▼▼▼

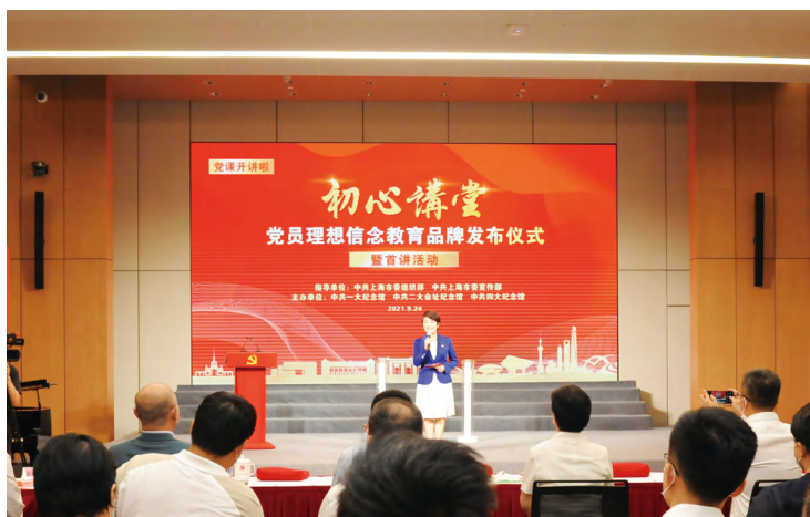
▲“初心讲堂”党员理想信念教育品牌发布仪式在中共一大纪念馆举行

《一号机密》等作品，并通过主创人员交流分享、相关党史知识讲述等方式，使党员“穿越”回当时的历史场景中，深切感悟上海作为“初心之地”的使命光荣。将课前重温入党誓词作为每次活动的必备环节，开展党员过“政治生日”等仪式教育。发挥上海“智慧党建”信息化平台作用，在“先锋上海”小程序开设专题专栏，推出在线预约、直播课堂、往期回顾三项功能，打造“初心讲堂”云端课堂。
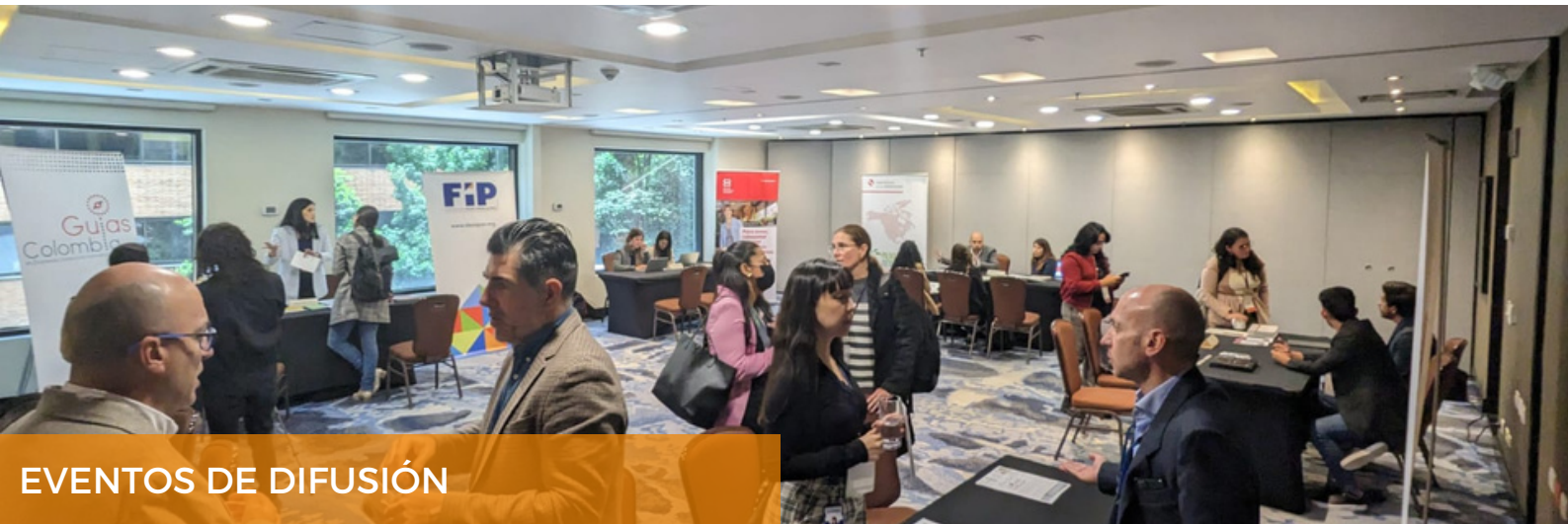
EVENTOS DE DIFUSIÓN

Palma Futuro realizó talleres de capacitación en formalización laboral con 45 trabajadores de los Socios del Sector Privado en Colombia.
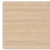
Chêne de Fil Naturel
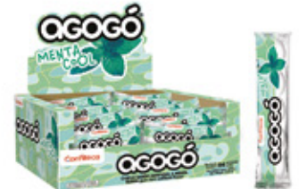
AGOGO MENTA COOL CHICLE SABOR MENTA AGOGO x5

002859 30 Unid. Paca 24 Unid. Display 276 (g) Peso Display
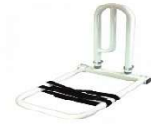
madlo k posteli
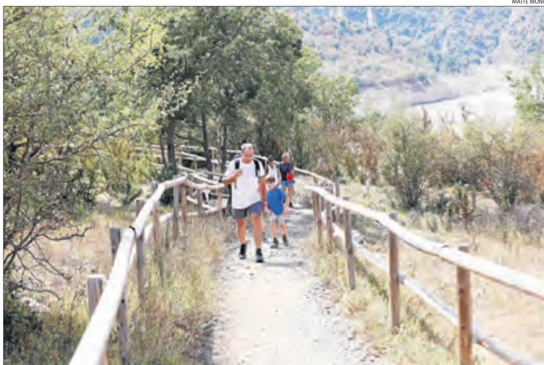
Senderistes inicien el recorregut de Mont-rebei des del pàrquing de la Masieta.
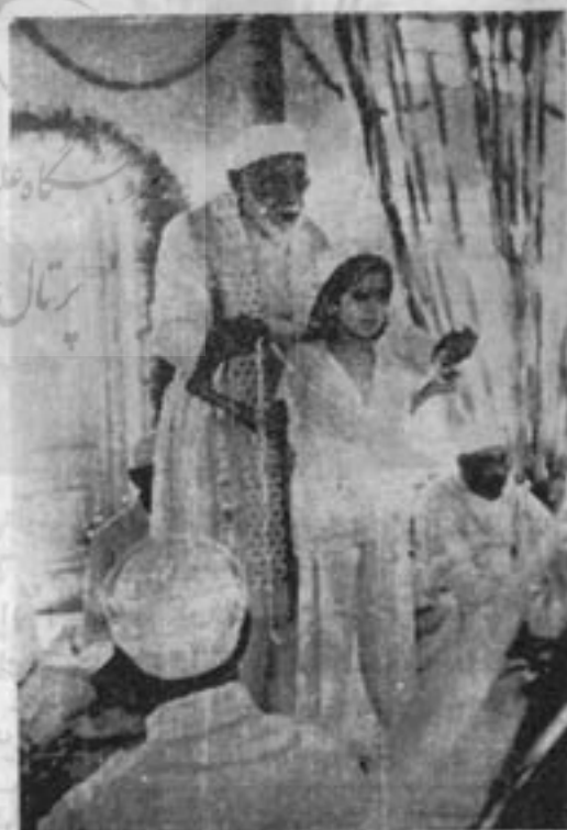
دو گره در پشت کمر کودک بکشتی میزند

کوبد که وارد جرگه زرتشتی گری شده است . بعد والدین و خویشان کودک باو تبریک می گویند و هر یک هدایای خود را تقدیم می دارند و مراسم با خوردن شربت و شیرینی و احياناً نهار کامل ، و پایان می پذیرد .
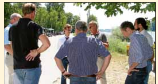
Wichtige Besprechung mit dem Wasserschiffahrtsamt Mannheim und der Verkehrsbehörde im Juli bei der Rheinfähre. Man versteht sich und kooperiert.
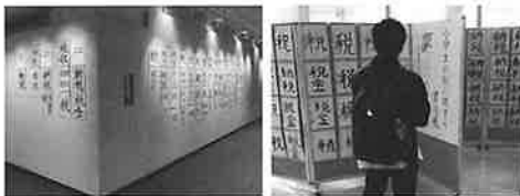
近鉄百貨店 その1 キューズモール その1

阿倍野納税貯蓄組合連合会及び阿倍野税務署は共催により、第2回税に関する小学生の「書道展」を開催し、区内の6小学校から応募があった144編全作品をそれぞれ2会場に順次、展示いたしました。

▲▲▲

• **ACTIVITY**: Could you repeat the data exactly, omitting its pictures?

• **RESULT**:
▲“初心讲堂”党员理想信念教育品牌发布仪式在中共一大纪念馆举行

《一号机密》等作品，并通过主创人员交流分享、相关党史知识讲述等方式，使党员“穿越”回当时的历史场景中，深切感悟上海作为“初心之地”的使命光荣。将课前重温入党誓词作为每次活动的必备环节，开展党员过“政治生日”等仪式教育。发挥上海“智慧党建”信息化平台作用，在“先锋上海”小程序开设专题专栏，推出在线预约、直播课堂、往期回顾三项功能，打造“初心讲堂”云端课堂。
EVENTOS DE DIFUSIÓN

Palma Futuro realizó talleres de capacitación en formalización laboral con 45 trabajadores de los Socios del Sector Privado en Colombia.
Chêne de Fil Naturel
AGOGO MENTA COOL CHICLE SABOR MENTA AGOGO x5

002859 30 Unid. Paca 24 Unid. Display 276 (g) Peso Display
madlo k posteli
Senderistes inicien el recorregut de Mont-rebei des del pàrquing de la Masieta.
دو گره در پشت کمر کودک بکشتی میزند

کوبد که وارد جرگه زرتشتی گری شده است . بعد والدین و خویشان کودک باو تبریک می گویند و هر یک هدایای خود را تقدیم می دارند و مراسم با خوردن شربت و شیرینی و احياناً نهار کامل ، و پایان می پذیرد .
Wichtige Besprechung mit dem Wasserschiffahrtsamt Mannheim und der Verkehrsbehörde im Juli bei der Rheinfähre. Man versteht sich und kooperiert.
近鉄百貨店 その1 キューズモール その1

阿倍野納税貯蓄組合連合会及び阿倍野税務署は共催により、第2回税に関する小学生の「書道展」を開催し、区内の6小学校から応募があった144編全作品をそれぞれ2会場に順次、展示いたしました。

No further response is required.